>>>>
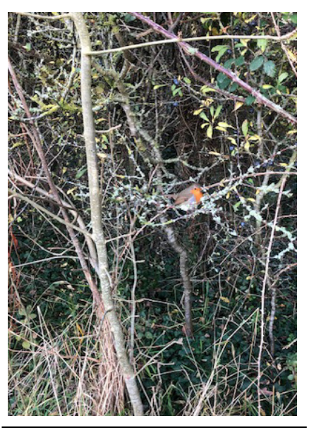
A Christmas robin in amongst the sloes
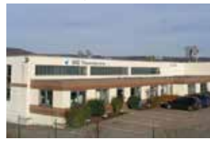
AKG Thermotechnik GmbH & Co. KG Uslar, Germany
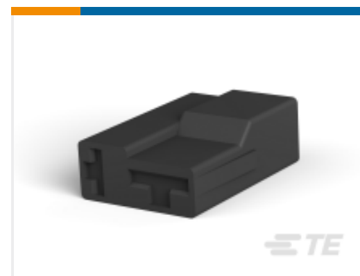
TE Part # 281993-3 FF 250 & 375 REC HSG 2P NYLON BLACK
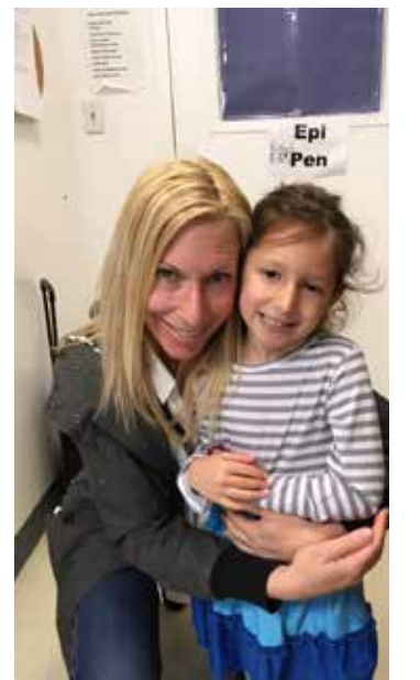
ECC Moms and children on “Mommy and Muffins Day.”
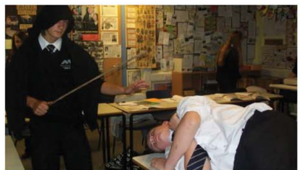
Asclepius visits to make the cure with his serpent
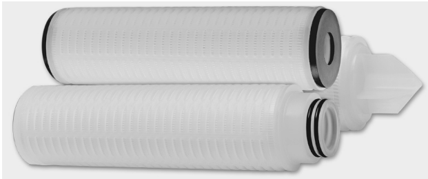
figure 1: Xpleat PES filters
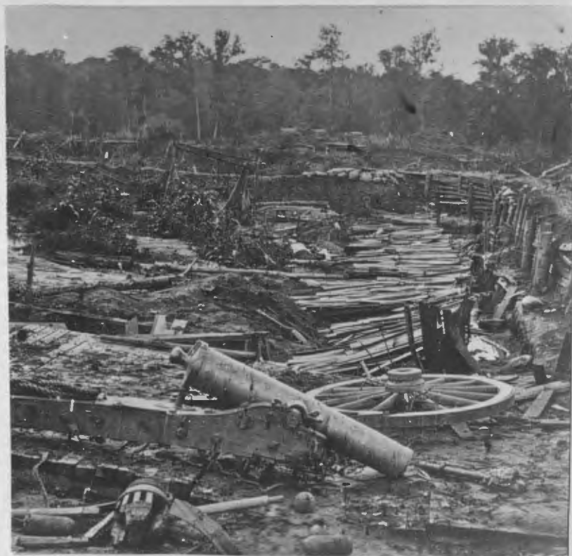
"View of rebel battery, opposite to Capt. Bainbridge's battery on our right of line-
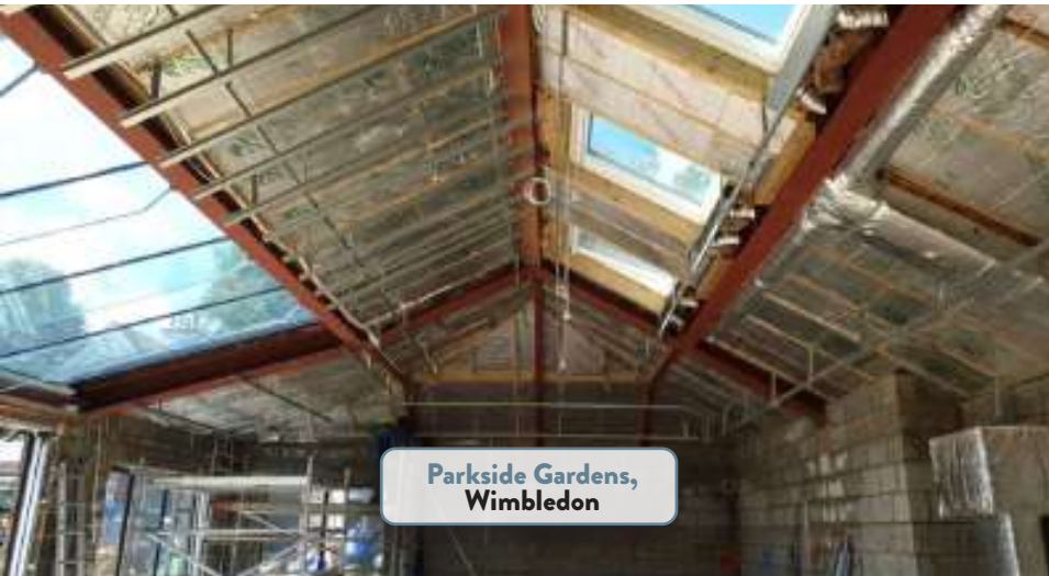
Parkside Gardens, Wimbledon
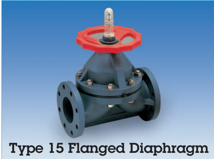
Type 15 Flanged Diaphragm
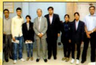
VC with honoured students
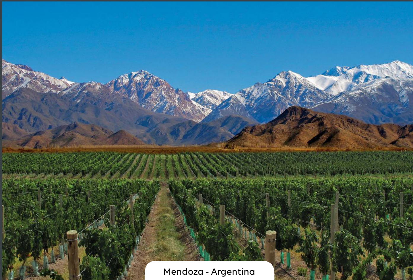
Mendoza - Argentina
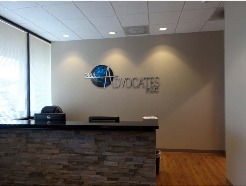
1ST FLOOR RECEPTION

2610 W. Sam Houston Parkway South, Houston, Texas
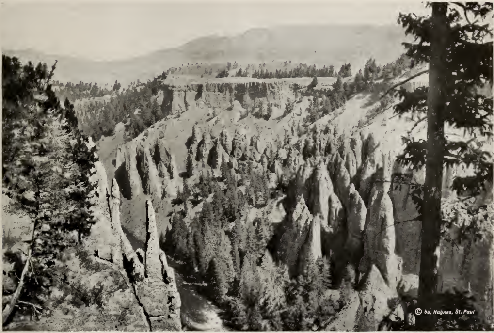
Lower Canyon of the Yellowstone, a new part of the Grand Canyon opened by the advent of the automobile
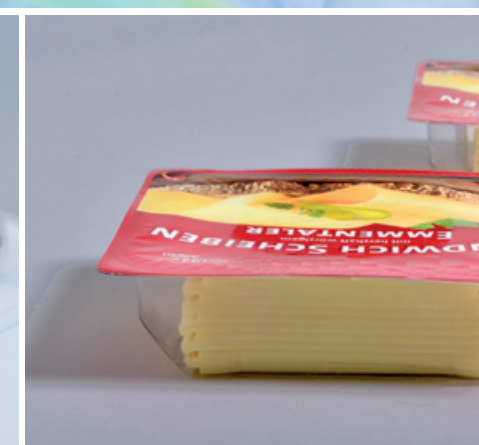
A&D SAMPLE APPLICATIONS.
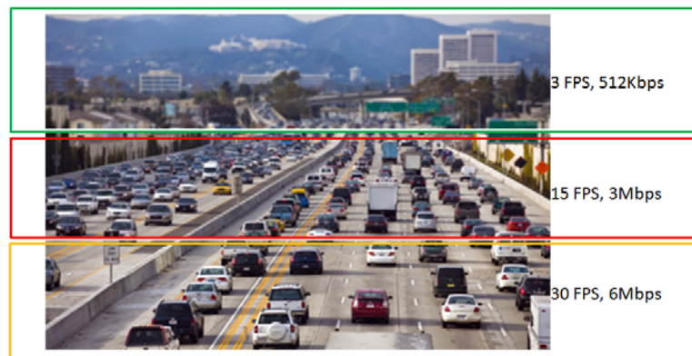
Figure 3 – Example of ROI Application

For a traffic monitoring project as below, the most important region is the pulling-in cars, and the least important one is the sky. Having set the priorities, we can now set the most important region (in the yellow bracket) with higher FPS and bit rate to have an excellent image quality, while the least important one (in the green bracket) with lower settings. This way bandwidth can be cut down and attentions can be narrowed down to the most important region.
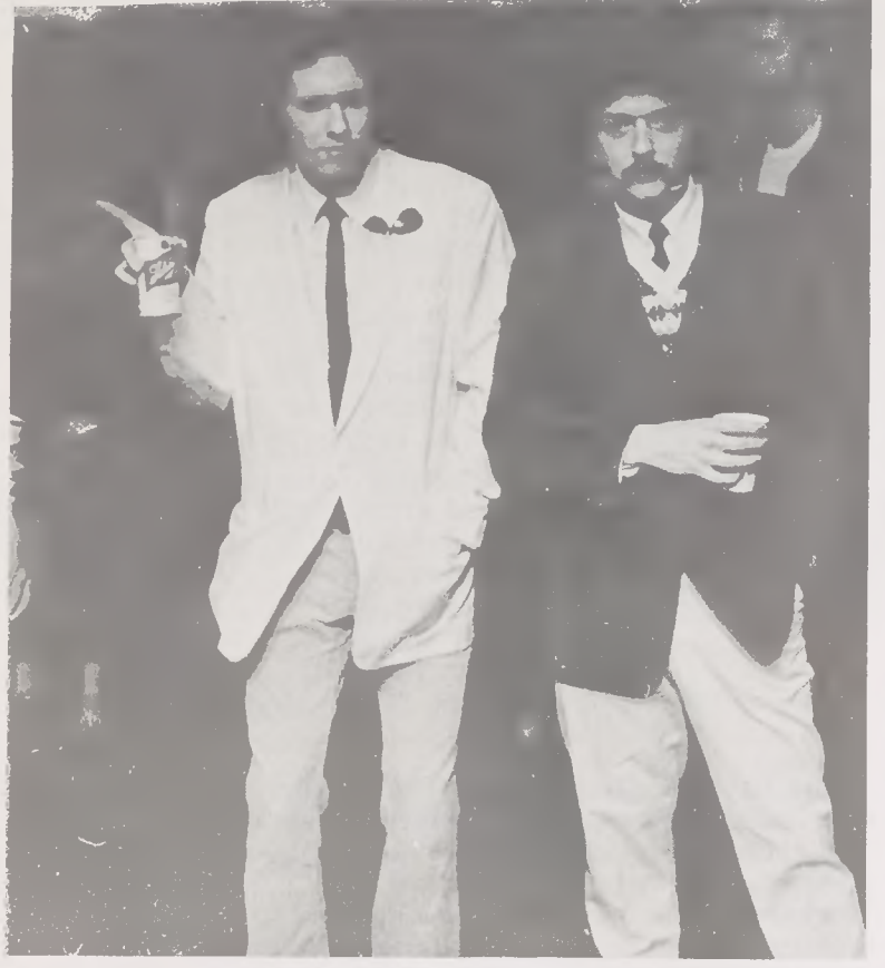
These two studs have it made in the shade.

Swingin' Salem Chicks and Greasy Dates Rock 'n Roll Fifties Style - Real Boss!
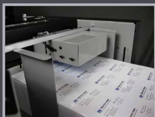
Top Feed Vacuum System
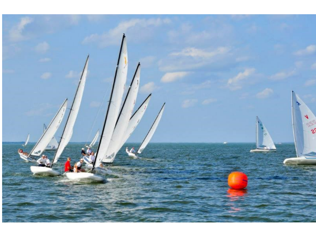
C Scows rounding the windward mark at the ILYA Big Inland. (above)

If interested, contact commodore@nnyc.org by April 10th.
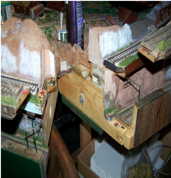
Bonus photo #22
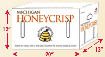
Master Tray Carton (please contact your supplier)
<<<<
» **YOUR GOAL**: Once the line containing "Top Feed Vacuum System" is found, transcribe it and the rest of the lines to the end of the listing above exactly, omitting all pictures.

» **ANSWER TO THIS EXERCISE**:
Top Feed Vacuum System
C Scows rounding the windward mark at the ILYA Big Inland. (above)

If interested, contact commodore@nnyc.org by April 10th.
Bonus photo #22
Master Tray Carton (please contact your supplier)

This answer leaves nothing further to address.